Proposition \ref{lap109}. Let $V$ be a finite-dimensional vector space over the scalar field ${\cal F}$, and let $T$ be a linear operator on $V$. Let $\lambda_{1},\cdots ,\lambda_{r}$ be the distinct eigenvalues of $T$, and let $W_{i}$ be the eigenspaces associated with the eigenvalues $\lambda_{i}$. If $W=W_{1}+W_{2}+\cdots +W_{r}$, then
\[\dim (W)=\dim (W_{1})+\dim (W_{2})+\cdots +\dim (W_{r}).\]
Moreover, if $\mathfrak{B}_{i}$ is an ordered basis for $W_{i}$, then $\mathfrak{B}=\bigcup_{i=1}^{r}\mathfrak{B}_{i}$ arranged in the order $\mathfrak{B}_{1},\cdots ,\mathfrak{B}_{r}$ is an ordered basis for $W$.

Proof.
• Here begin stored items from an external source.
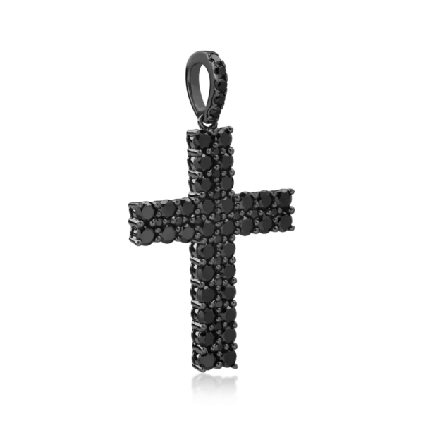 Pandantiv cruce din aur negru cu diamante negre de 1.93ct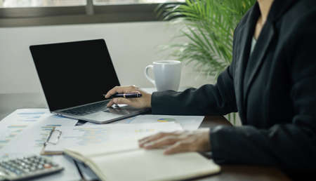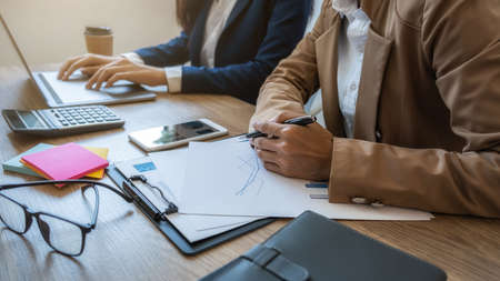 The businesswoman hand sits at their desks and calculates financial graphs showing the results of their investments planning the process of successful business growth.
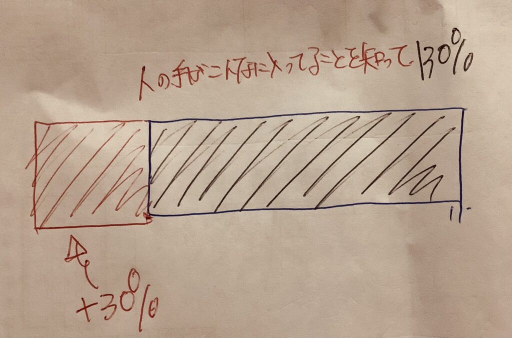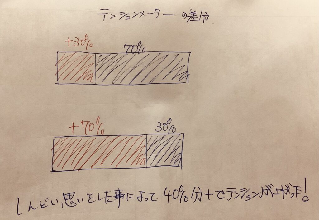 実際は苦労をしてテンション下がってたので、70%分の上昇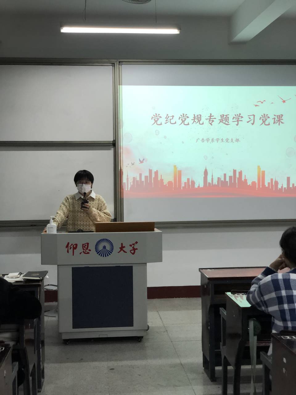 为进一步增强党员的党规党纪意识,自觉做到守纪律、讲规矩、知敬畏、存戒惧,发挥党员先锋模范作用。11月22日晚,开云kaiyun体育广告学系党支部在仰恩楼B1-207开展“党纪党规”专题学习。此次专题学习由广告学系学生党支部书记王君婷老师进行主持及关于党纪党规的学习教育。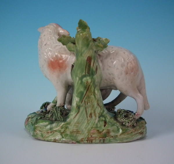 Staffordshire pearlware bocage figure which features a ewe and lamb, stood on a shaped base.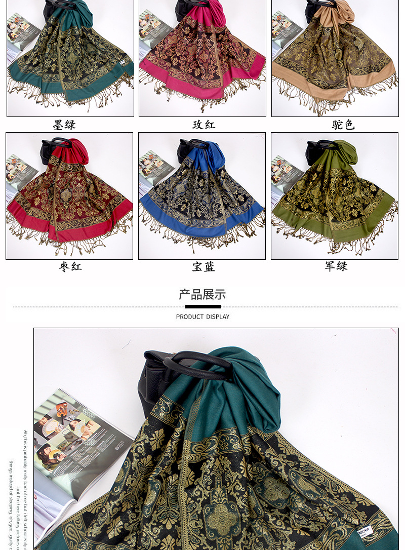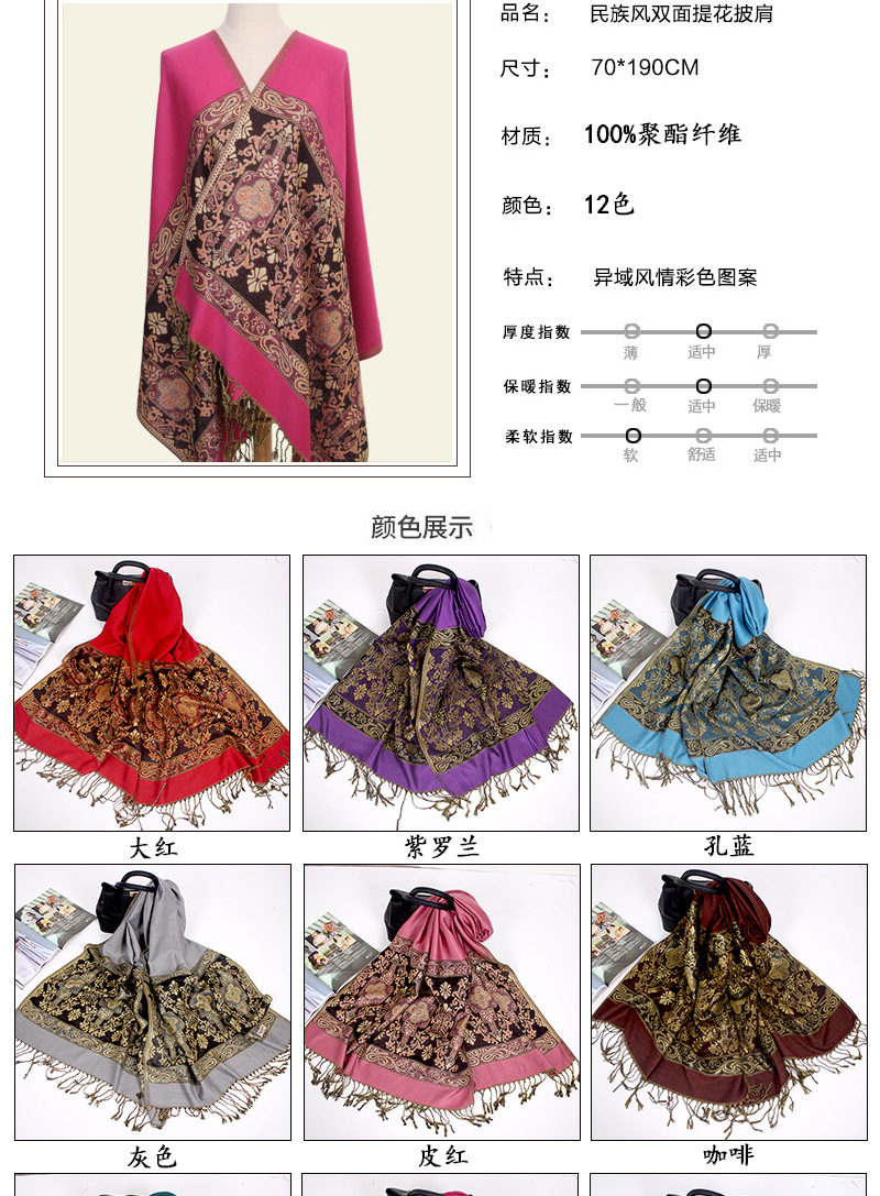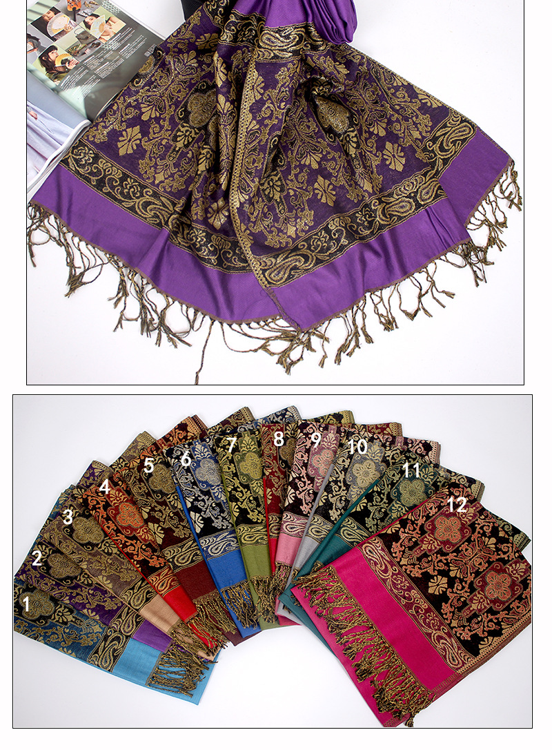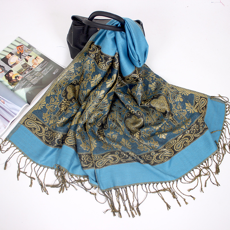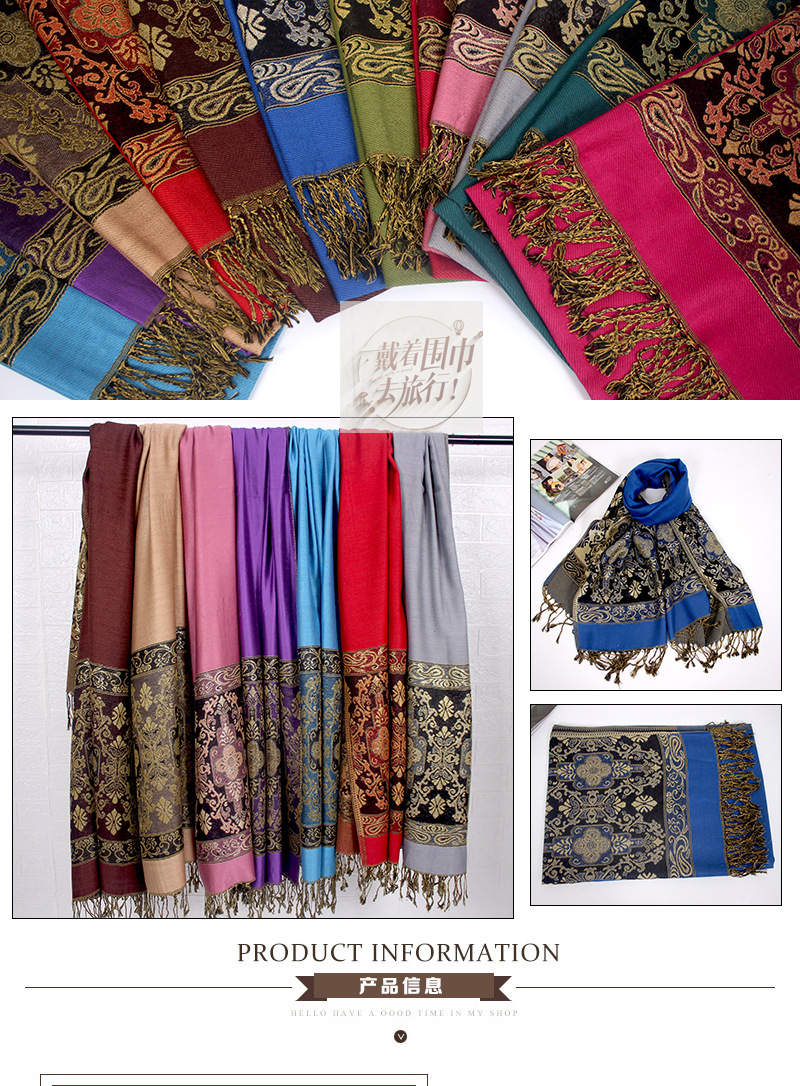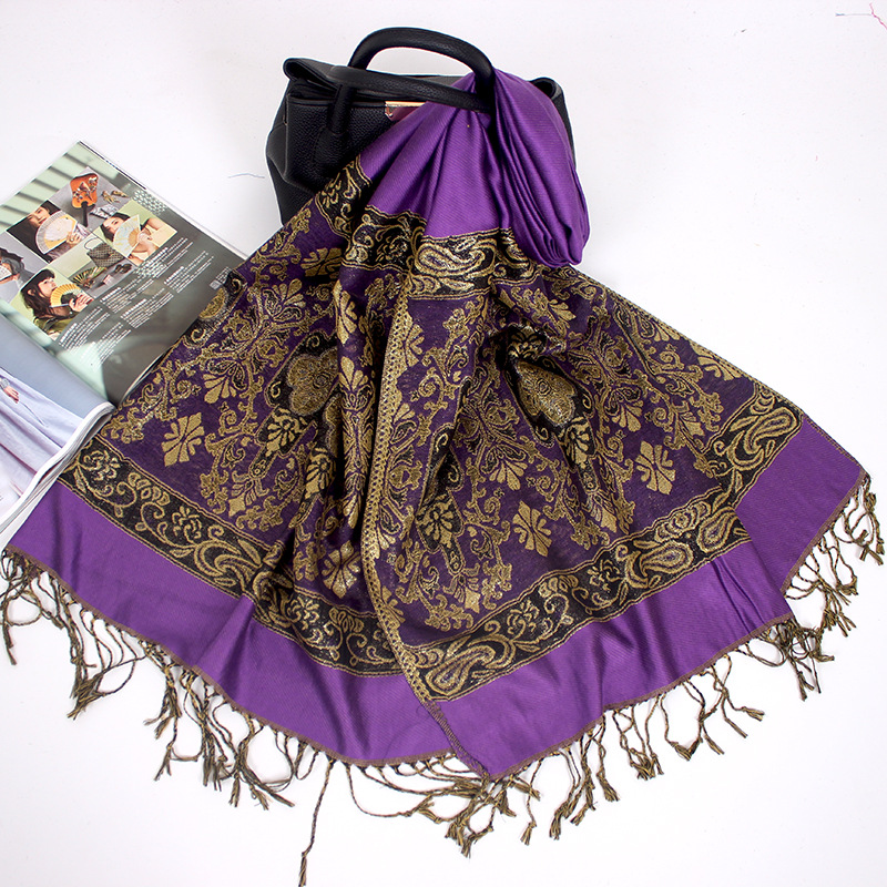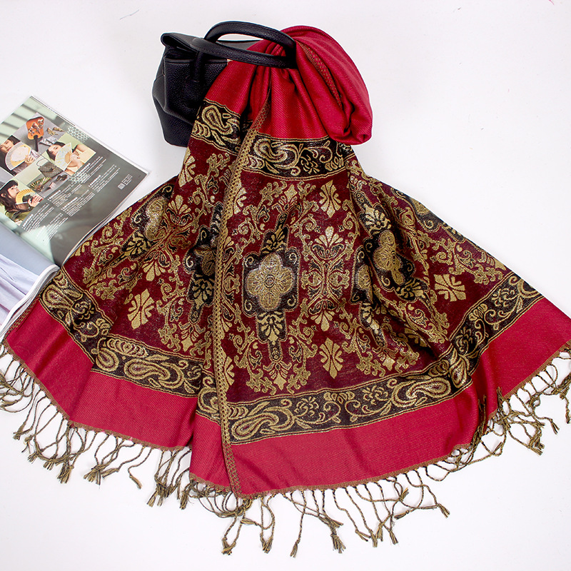 Manufacturers wholesale Bohemian autumn and winter ultra-eldest daughter with Disabilities National Wind jacquard fringed scarf shawl dual-use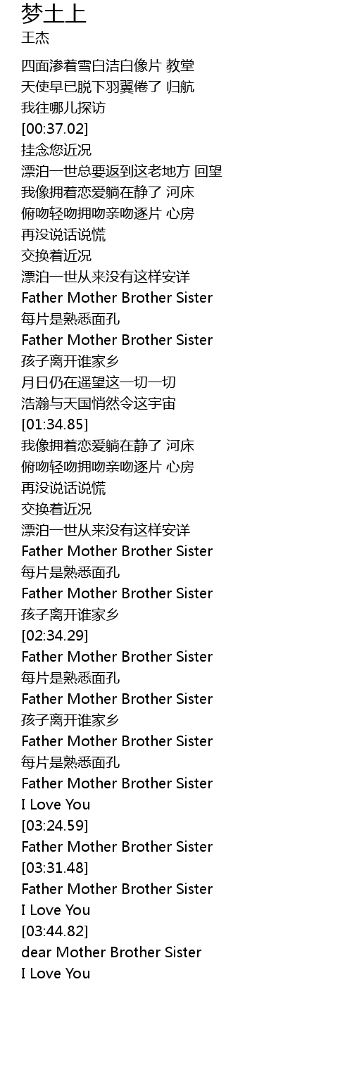 | [00:37.52] | guà niàn nín jìn kuàng |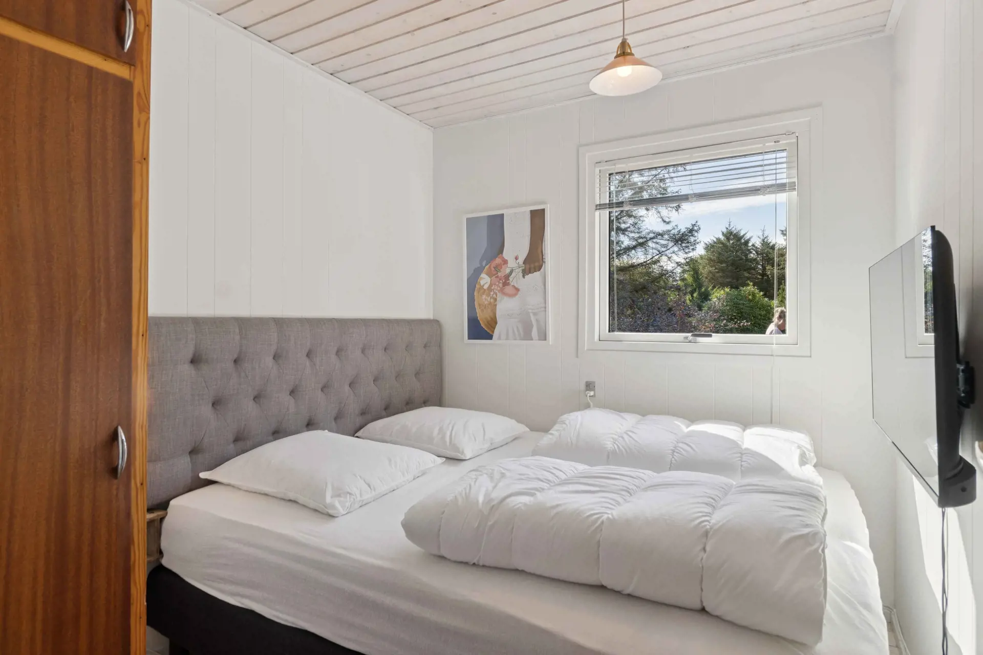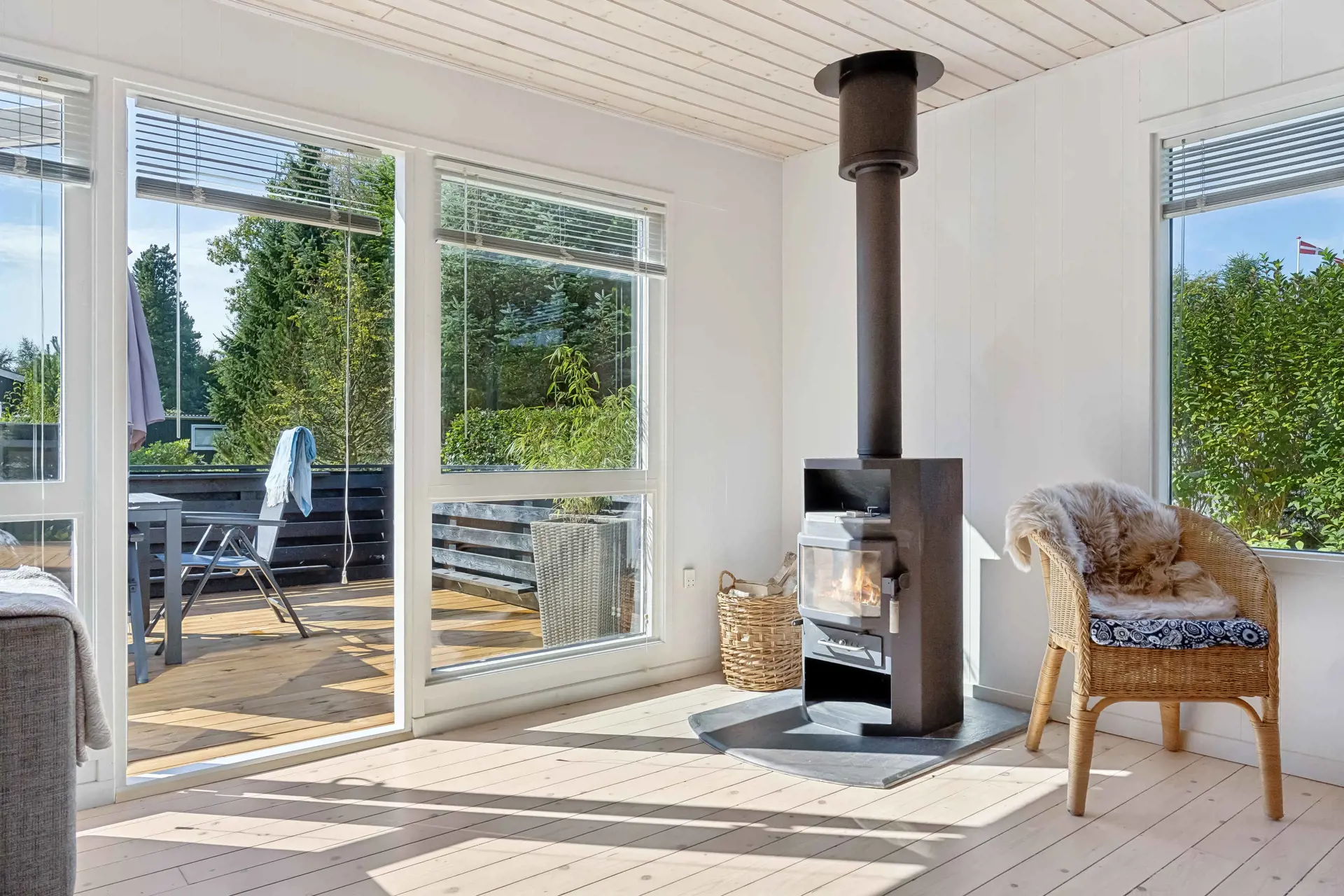 Das Haus ist mit Wärme und Seele eingerichtet – klassisch skandinavisch mit hellen Wänden und einem gemütlichen Kaminofen, der an kühlen Abenden für Stimmung sorgt. Es ist das perfekte Refugium für Familien und Paare, die Ruhe, Komfort und Natur suchen.

For any $w_{i}\in W_{i}$, we have $T(w_{i})=\lambda_{i}w_{i}$. This says that $W$ is the space spanned by all of the eigenvectors of $T$, and $\mathfrak{B}$ spans $W$. Therefore, we remain to prove that $\mathfrak{B}$ is linearly independent. Suppose that $w_{1}+\cdots +w_{r}=\theta$. We shall show that $w_{i}=\theta$. Let $f$ be any polynomial. Proposition \ref{lap107} says
\begin{align*}
\theta & =(f(T))(\theta )=(f(T))\left (w_{1}+\cdots +w_{r}\right )\\
& =(f(T))(w_{1})+\cdots +(f(T))(w_{r})=f(\lambda_{1})w_{1}+\cdots +
f(\lambda_{r})w_{r}.
\end{align*}
In particular, we take polynomials $f_{1},\cdots ,f_{r}$ by
\[f_{i}(\lambda_{j})=\delta_{ij}=\left\{\begin{array}{ll}
1 & i=j\\ 0 & i\neq j.
\end{array}\right .\]
Then, we obtain
\begin{align*} \theta & =(f_{i}(T))(\theta )\\ & =f_{i}(\lambda_{1})w_{1}+\cdots +f_{i}(\lambda_{r})w_{r}
\\ & =\sum_{j=1}^{r}\delta_{ij}w_{j}=w_{i}\end{align*}
for each $i$. The linear combination of vectors in $\mathfrak{B}$ has the form of $b_{1}+\cdots +b_{r}$, where $b_{i}$ is also the linear combination of the vectors in $\mathfrak{B}_{i}$. Therefore, if $b_{1}+\cdots +b_{r}=\theta$, then $b_{i}=\theta$ for all $i$. Since $\mathfrak{B}_{i}$ is independent, the scalars (coefficients) presented in the linear combination $b_{i}$ must be zero. Therefore, the scalars (coefficients) presented in the linear combination $b_{1}+\cdots +b_{r}$ must also be zero. This shows the independence, and the proof is complete. $\blacksquare$

\begin{equation}{\label{lat110}}\tag{31}\mbox{}\end{equation}

Theorem \ref{lat110}. Let $V$ be a finite-dimensional vector space over the scalar field ${\cal F}$, and let $T$ be a linear operator on $V$. Let $\lambda_{1},\cdots ,\lambda_{r}$ be the distinct eigenvalues of $T$, and let $W_{i}=\mbox{Ker}(T-\lambda_{i}I)$. Then, the following statements are equivalent.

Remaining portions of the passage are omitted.